> [MATERIAL PROVIDED]

━━━

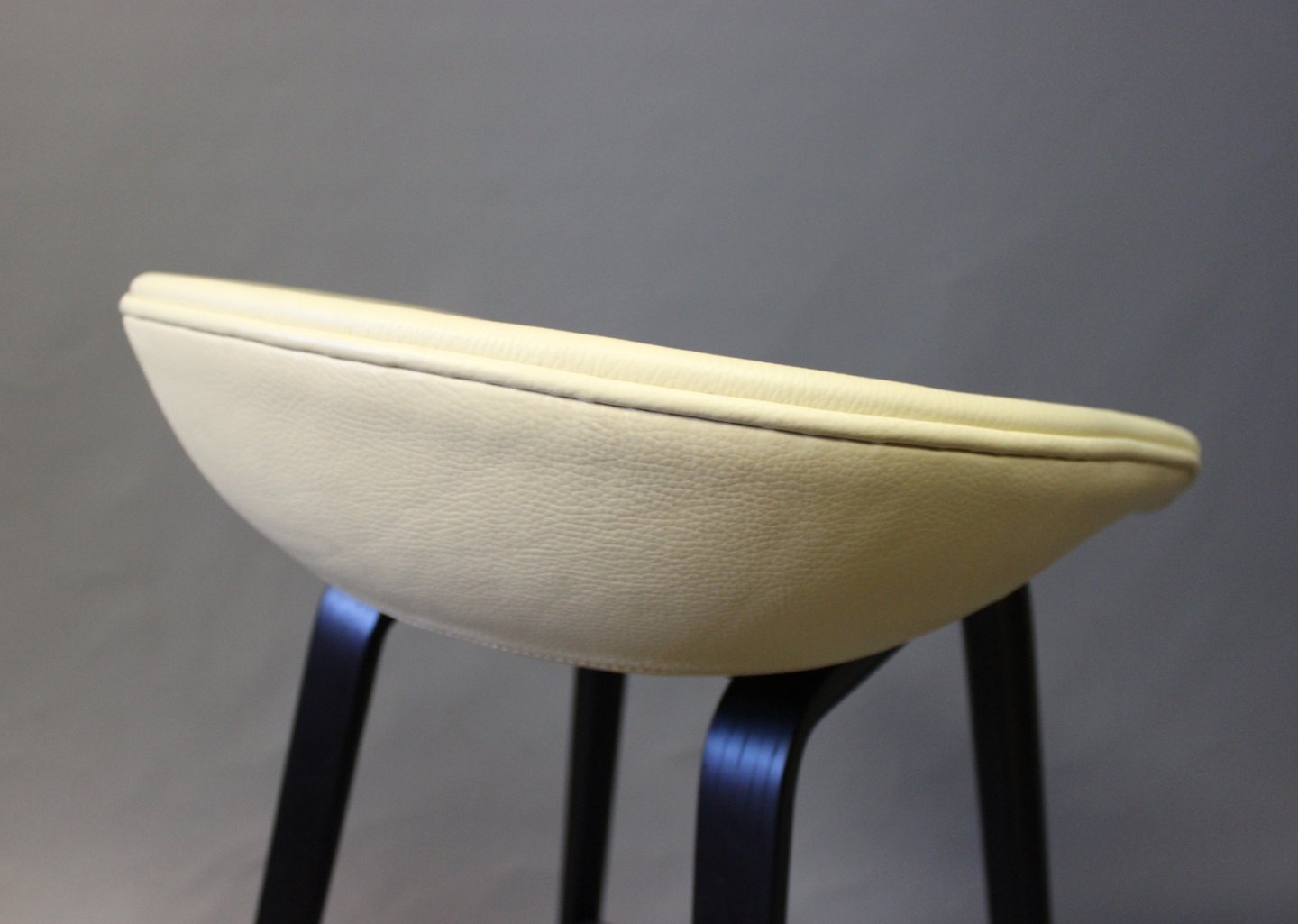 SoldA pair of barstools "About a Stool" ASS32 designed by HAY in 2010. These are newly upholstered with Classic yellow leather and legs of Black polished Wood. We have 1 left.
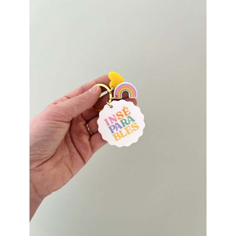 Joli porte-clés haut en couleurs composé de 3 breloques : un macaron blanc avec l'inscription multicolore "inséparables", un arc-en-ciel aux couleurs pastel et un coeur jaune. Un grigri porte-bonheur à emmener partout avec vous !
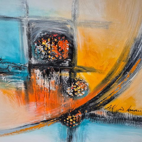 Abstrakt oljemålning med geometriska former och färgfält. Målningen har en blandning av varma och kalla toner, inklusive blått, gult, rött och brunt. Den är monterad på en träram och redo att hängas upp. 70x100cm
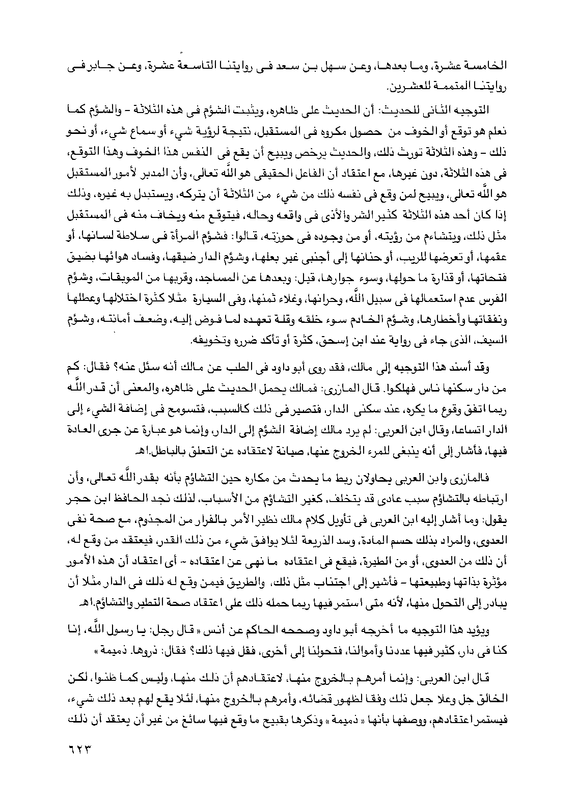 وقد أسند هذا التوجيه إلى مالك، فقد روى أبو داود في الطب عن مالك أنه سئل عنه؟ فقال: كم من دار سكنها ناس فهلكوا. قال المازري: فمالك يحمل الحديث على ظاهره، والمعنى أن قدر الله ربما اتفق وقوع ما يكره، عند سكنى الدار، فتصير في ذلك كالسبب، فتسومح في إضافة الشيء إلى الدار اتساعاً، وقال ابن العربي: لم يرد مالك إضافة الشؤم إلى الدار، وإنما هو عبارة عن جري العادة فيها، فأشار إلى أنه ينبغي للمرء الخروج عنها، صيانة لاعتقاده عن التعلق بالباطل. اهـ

━━━

> [WORK REQUIRED] Please set down every line of the data above precisely, dropping the images.

> [RESULT]
 SoldA pair of barstools "About a Stool" ASS32 designed by HAY in 2010. These are newly upholstered with Classic yellow leather and legs of Black polished Wood. We have 1 left.
 Joli porte-clés haut en couleurs composé de 3 breloques : un macaron blanc avec l'inscription multicolore "inséparables", un arc-en-ciel aux couleurs pastel et un coeur jaune. Un grigri porte-bonheur à emmener partout avec vous !
 Abstrakt oljemålning med geometriska former och färgfält. Målningen har en blandning av varma och kalla toner, inklusive blått, gult, rött och brunt. Den är monterad på en träram och redo att hängas upp. 70x100cm
 وقد أسند هذا التوجيه إلى مالك، فقد روى أبو داود في الطب عن مالك أنه سئل عنه؟ فقال: كم من دار سكنها ناس فهلكوا. قال المازري: فمالك يحمل الحديث على ظاهره، والمعنى أن قدر الله ربما اتفق وقوع ما يكره، عند سكنى الدار، فتصير في ذلك كالسبب، فتسومح في إضافة الشيء إلى الدار اتساعاً، وقال ابن العربي: لم يرد مالك إضافة الشؤم إلى الدار، وإنما هو عبارة عن جري العادة فيها، فأشار إلى أنه ينبغي للمرء الخروج عنها، صيانة لاعتقاده عن التعلق بالباطل. اهـ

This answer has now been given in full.